Army of Darkness (also known as Evil Dead III, Evil Dead III: Army of Darkness, Bruce Campbell vs. Army of Darkness, or The Medieval Dead) is a 1992 comedy horror fantasy film and the third and final installment of the Evil Dead film trilogy. It was directed by Sam Raimi, written by Raimi and his brother Ivan, produced by Robert Tapert, and starred Bruce Campbell and Embeth Davidtz. Continuing where Evil Dead II left off, Ash Williams is trapped in the Middle Ages and he battles the undead in his quest to return to the present.
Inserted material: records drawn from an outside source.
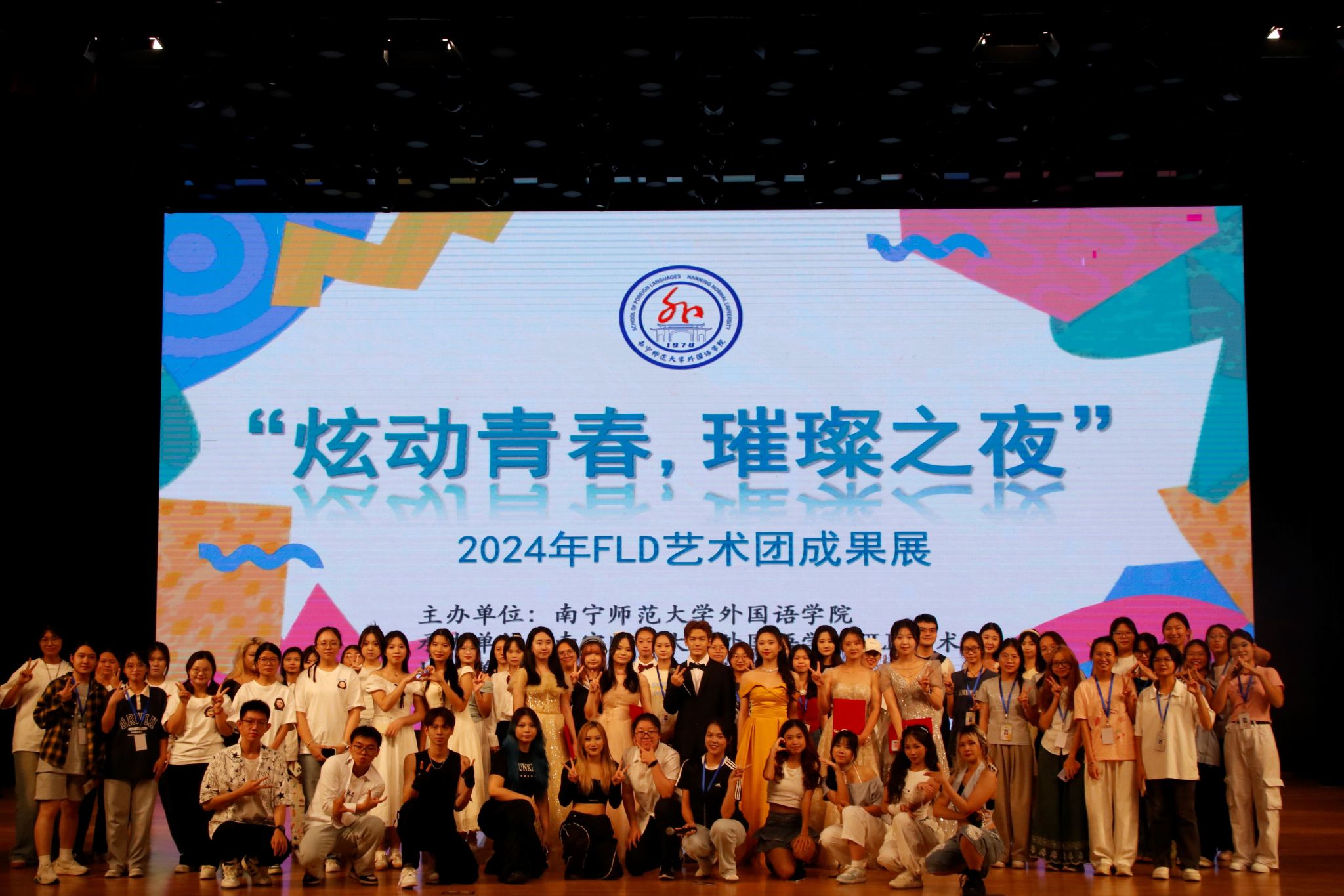 文化之桥,艺术无界。为了促进文化交流,提升同学们艺术鉴赏能力,营造学院的艺术氛围,外国语学院于2024年9月24日在武鸣校区音舞楼一号报告厅举行FLD艺术团“炫动青春,璀璨之夜”成果展。出席本次活动的有外国语学院学工办的黄慧梅老师、院团委学生会团副主席团成员、FLD艺术团执行团长及2024级新生。
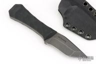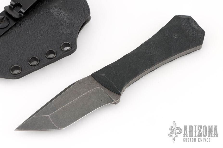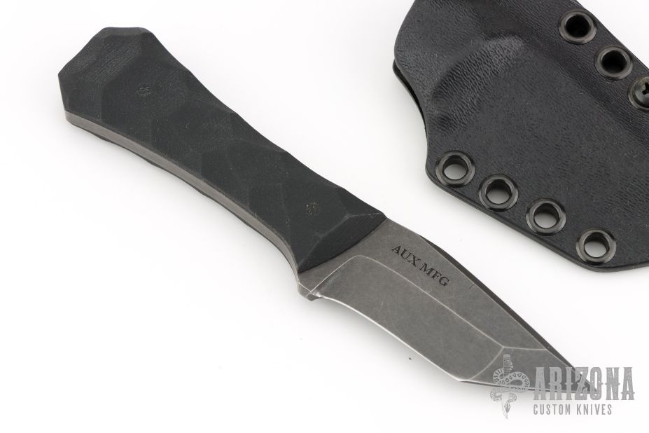 This Coffin Tanto by Auxiliary Manufacturing features an acid tumbled blade, .198" blade stock and 1.017" blade depth. The handle has black G-10 scales. Comes with a kydex sheath with clip. New from maker!
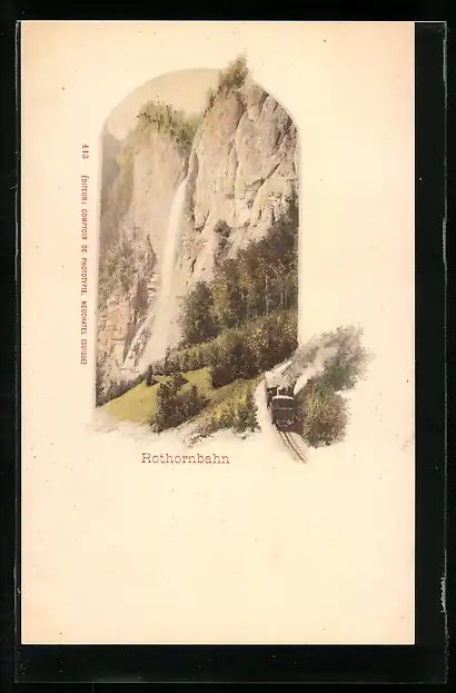 AK Rothornbahn an einem Wasserfall
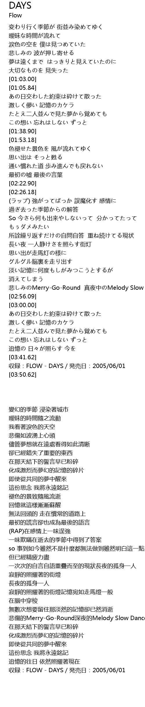 | [03:43.62] | 収録:FLOW - DAYS/発売日:2005/06/01 |

Army of Darkness is not as violent or gory as the prior Evil Dead films, relying more on slapstick. The film was produced as part of a production deal with Universal Studios after the financial success of Darkman. Filming took place in California and it was released on February 19, 1993. It achieved $21.5 million and was also a commercial success and also received positive reviews from critics, though less than the previous films. Since its video release it has acquired a cult following, along with the other two films in the trilogy.

Plot

After a brief flashback to Evil Dead II, which explains the Necronomicon Ex-Mortis and how Ash got to where he is, Ash lands in Medieval England, where he is almost immediately captured by Lord Arthur's men, who suspect him to be an agent for Duke Henry, with whom Arthur is at war. He is enslaved along with the captured Henry, his gun and chainsaw confiscated, and is taken to a castle. Ash is thrown in a pit where he fights off a Deadite and regains his weapons from Arthur's Wise Man. After demanding Henry and his men be set free (since Henry stood up for him, and swore he did not know who Ash was), Ash is celebrated as a hero. He also grows attracted to Sheila, the sister of one of Arthur's fallen knights.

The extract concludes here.